LONDON — As expected, the Bank of England left interest rates on hold on Thursday, but signalled — in the eyes of most commentators and many in the markets — that a rate hike at the next meeting of its MPC is all but guaranteed.
After hiking rates for the first time since the financial crisis last November, the bank spent much of the rest of the year signalling that it will likely raise rates further in 2018.
Most had expected hikes towards the end of the year, but an unusually upbeat MPC statement in February brought that horizon forward to May.
March’s statement seems to confirm that, with two MPC members voting for an immediate hike, and the bank as a whole saying that “an ongoing tightening of monetary policy over the forecast period will be appropriate” going forward.
However, there are some signs that a move upwards from the current rate of 0.5% to 0.75% in May is, in the words of bond market guru Mohamed El-Erian “far from a done deal.”
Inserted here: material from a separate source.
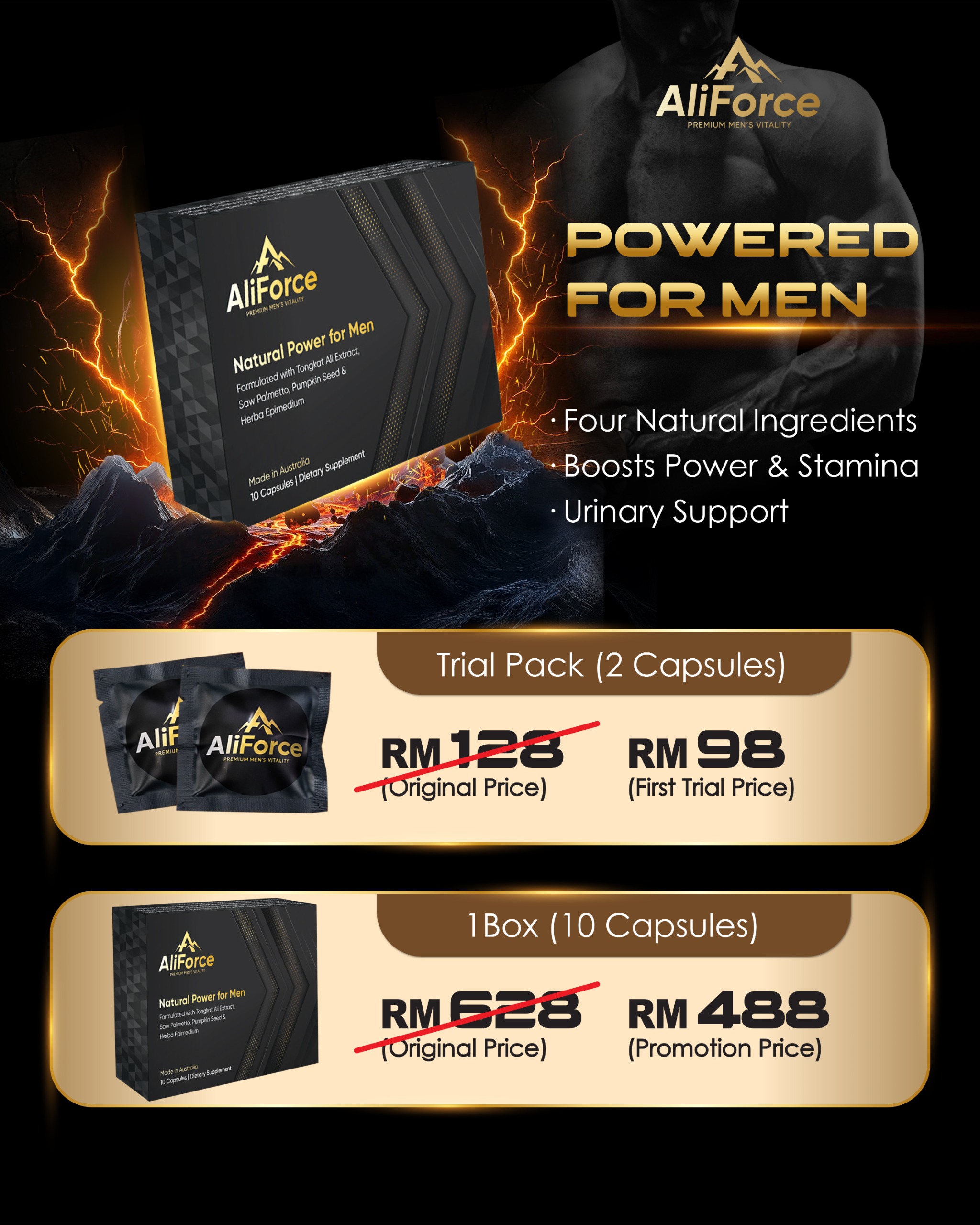 - Herbal extract blend: Tongkat Ali, Saw Palmetto, Pumpkin Seed, Epimedium

“Ignore the split rate vote; the real news is that the Committee has chosen not to signal an imminent rate rise as clearly as it did last year,” Samuel Tombs, chief UK economist at research house Pantheon Macroeconomics said in an email to clients shortly after the decision.
The wording of the committee’s statement, Tombs says, is far less explicit than that in the Bank of England’s statement in September last year, the meeting prior to its November rate hike.
“Back in September—the meeting before it hiked rates in November—the Committee said it would hike ‘over the coming months’. Today, the Committee has not given any time-bound guidance,” Tombs writes.
The main reason for that change of wording, Pantheon’s note argues, is that recent economic data, while fairly solid, has not been as strong as the BoE had expected when it struck its hawkish tone back in February.
“The Committee’s confidence has been knocked by a “few surprises in recent economic data”, which we assume means the below-consensus PMIs, soft retail sales figures and February’s 2.7% CPI inflation rate, which was below the Committee’s 2.9% forecast,” Tombs says.
That leads him to the conclusion that a “rate increase in May still is under active consideration, but the likelihood is nowhere near as high as the 80% chance priced-in by markets before this meeting.”
As a result, Tombs forecasts that “activity and inflation data” will “surprise the Committee to the downside, ensuring that it waits until August to raise interest rates again.”
Two dissenters
Another reason to suspect that the bank may not hike in May as expected is the makeup of Thursday’s decision. The two members of the committee who dissented were Ian McCafferty and Michael Saunders, both widely known as the bank’s most hawkish policymakers.
Saunders and McCafferty tend to move in tandem, and the last time the pair of them dissented to the upside was in June 2017, five months and three meetings before the rest of the MPC came on side. Since last year the bank has changed its meeting schedule, moving to just eight per year.
The bank generally only changes policy on the day of an Inflation Report, as Governor Mark Carney holds a press conference on those days, giving the bank a greater ability to communicate its reasoning behind decisions to the markets and wider public.
With that borne in mind, should the MPC follow the pattern of waiting a quarter of its annual meetings to follow McCafferty and Saunders, it could be August — the first Inflation Report after May — before the BoE hikes, matching the forecast of Pantheon Macroeconomics.
To be sure, this is not a scientific way of working out when the bank will hike, but it might just turn out to be true.